About this task:
Only one portion of the data is to be written out: from the line bearing "Syntax: random.normalvariate(mu, sigma)" through the line bearing "主要材料:木飾面、拼色古堡灰大理石、劈開磚、古銅色不銹鋼、黑色氟碳漆". Write it exactly as it appears.

Data excerpts:
---------------
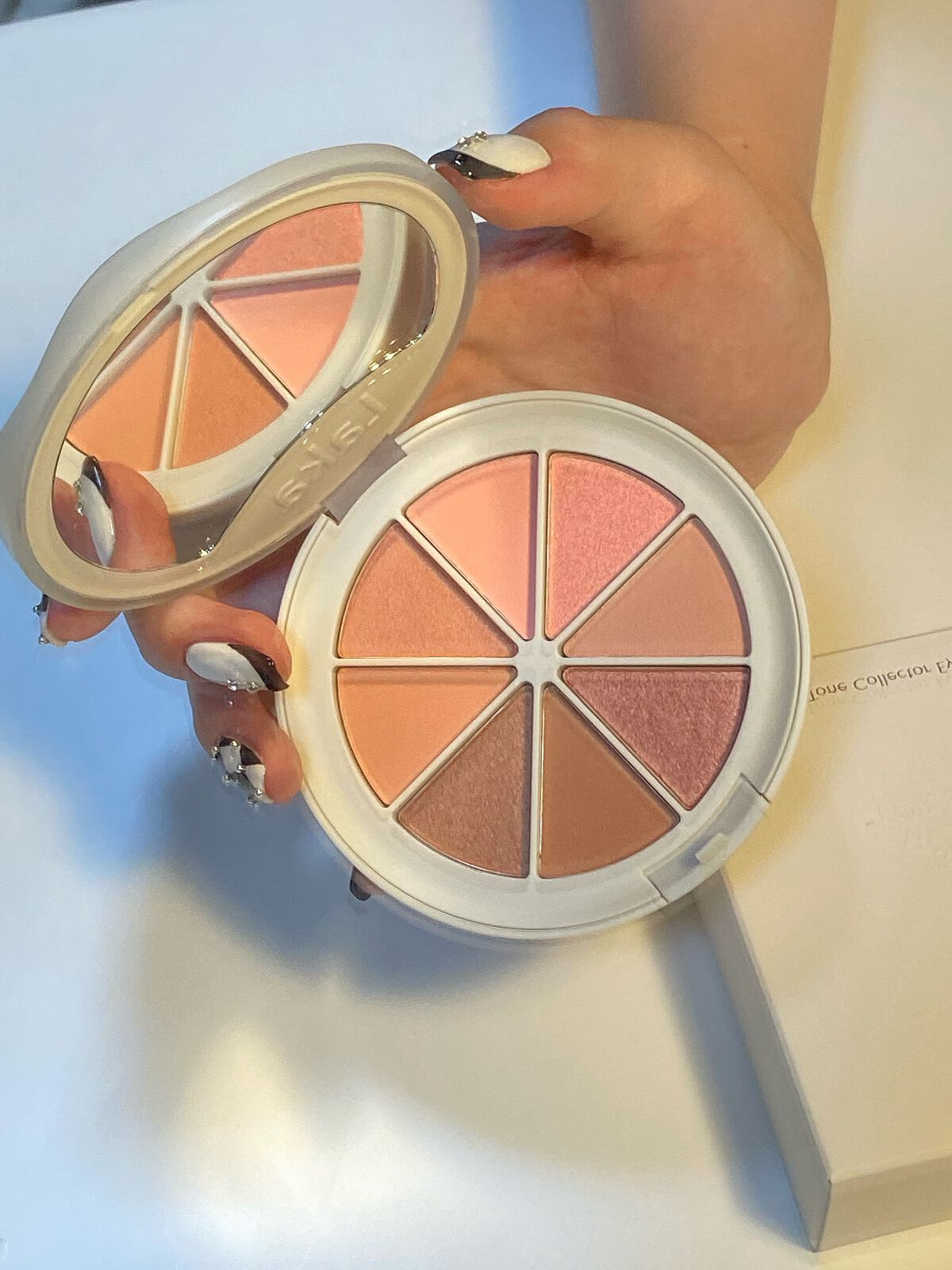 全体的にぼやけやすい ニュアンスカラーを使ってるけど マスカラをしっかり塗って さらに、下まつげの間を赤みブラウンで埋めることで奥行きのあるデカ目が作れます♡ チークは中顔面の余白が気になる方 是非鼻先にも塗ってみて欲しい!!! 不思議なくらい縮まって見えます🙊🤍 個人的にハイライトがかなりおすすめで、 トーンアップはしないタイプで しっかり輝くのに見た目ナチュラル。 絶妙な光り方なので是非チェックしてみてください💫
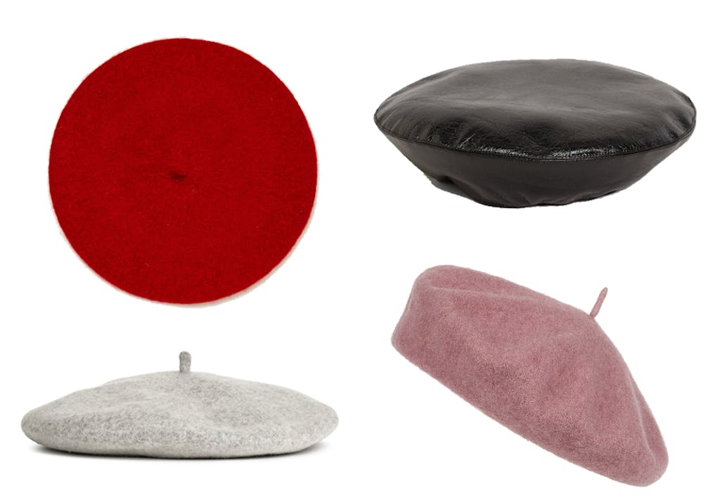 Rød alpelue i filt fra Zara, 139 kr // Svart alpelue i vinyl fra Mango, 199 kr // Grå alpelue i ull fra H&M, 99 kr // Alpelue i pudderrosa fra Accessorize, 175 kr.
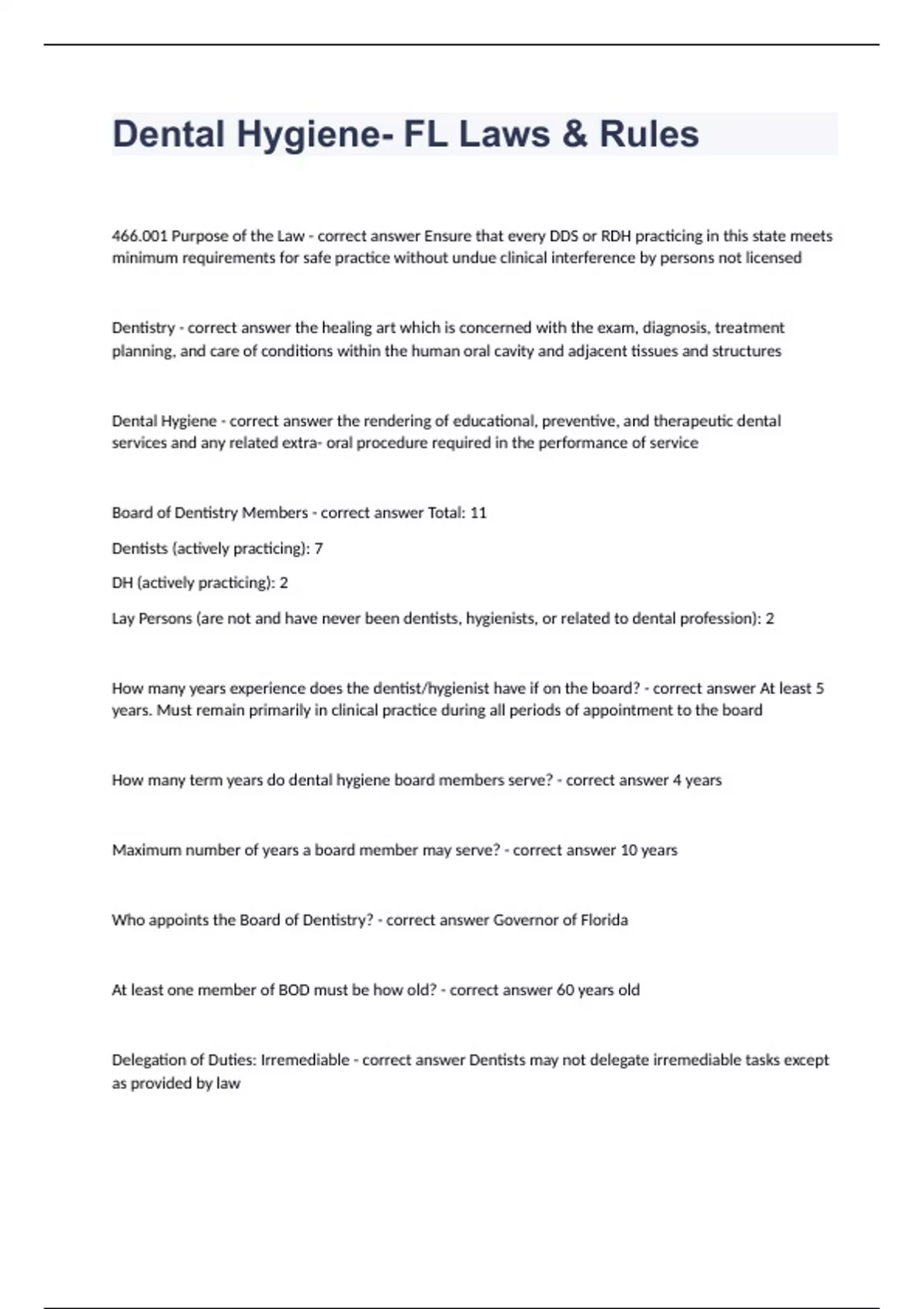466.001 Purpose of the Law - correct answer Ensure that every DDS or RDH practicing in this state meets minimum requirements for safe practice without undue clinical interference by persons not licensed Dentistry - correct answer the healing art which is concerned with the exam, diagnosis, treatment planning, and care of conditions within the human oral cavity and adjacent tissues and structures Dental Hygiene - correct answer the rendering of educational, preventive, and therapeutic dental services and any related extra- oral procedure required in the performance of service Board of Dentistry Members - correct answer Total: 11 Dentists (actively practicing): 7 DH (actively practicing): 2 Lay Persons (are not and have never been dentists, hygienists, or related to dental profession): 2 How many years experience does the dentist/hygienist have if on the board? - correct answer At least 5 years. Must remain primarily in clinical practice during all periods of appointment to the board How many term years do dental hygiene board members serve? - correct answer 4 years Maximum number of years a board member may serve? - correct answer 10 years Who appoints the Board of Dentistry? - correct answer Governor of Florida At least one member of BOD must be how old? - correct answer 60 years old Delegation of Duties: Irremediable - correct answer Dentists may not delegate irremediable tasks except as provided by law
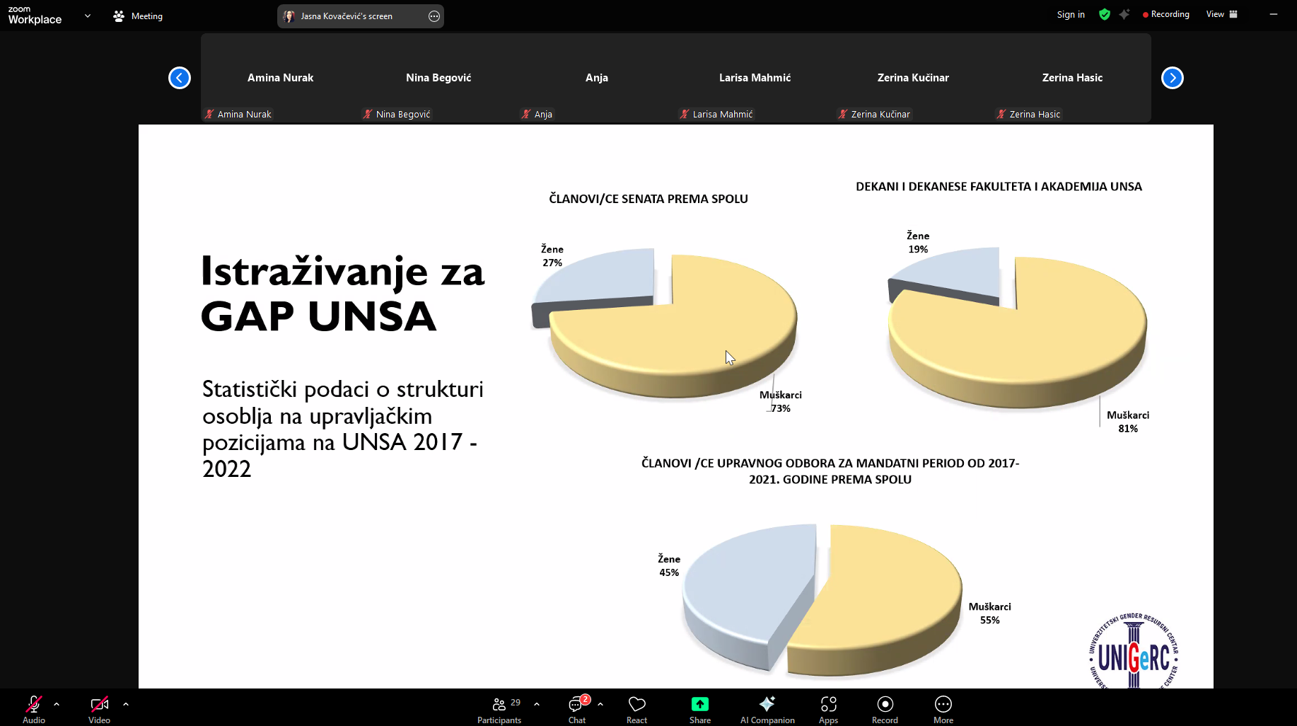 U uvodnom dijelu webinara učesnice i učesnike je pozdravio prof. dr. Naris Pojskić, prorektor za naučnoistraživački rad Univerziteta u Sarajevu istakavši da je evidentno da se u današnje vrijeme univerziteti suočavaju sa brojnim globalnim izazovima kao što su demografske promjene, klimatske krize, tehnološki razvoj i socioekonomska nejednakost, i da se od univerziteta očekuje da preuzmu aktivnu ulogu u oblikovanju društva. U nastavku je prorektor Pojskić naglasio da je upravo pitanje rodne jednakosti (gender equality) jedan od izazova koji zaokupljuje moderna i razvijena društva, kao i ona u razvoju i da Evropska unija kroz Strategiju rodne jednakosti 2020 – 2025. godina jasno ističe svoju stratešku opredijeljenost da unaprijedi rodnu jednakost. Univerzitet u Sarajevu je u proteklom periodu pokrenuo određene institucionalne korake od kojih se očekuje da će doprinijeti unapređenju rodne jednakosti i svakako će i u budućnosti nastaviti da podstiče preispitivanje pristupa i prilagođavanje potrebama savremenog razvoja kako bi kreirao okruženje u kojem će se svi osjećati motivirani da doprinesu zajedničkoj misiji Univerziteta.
---------------
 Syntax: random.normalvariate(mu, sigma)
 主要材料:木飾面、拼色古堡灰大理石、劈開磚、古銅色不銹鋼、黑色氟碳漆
---------------
Written solution:
 Syntax: random.normalvariate(mu, sigma)
 主要材料:木飾面、拼色古堡灰大理石、劈開磚、古銅色不銹鋼、黑色氟碳漆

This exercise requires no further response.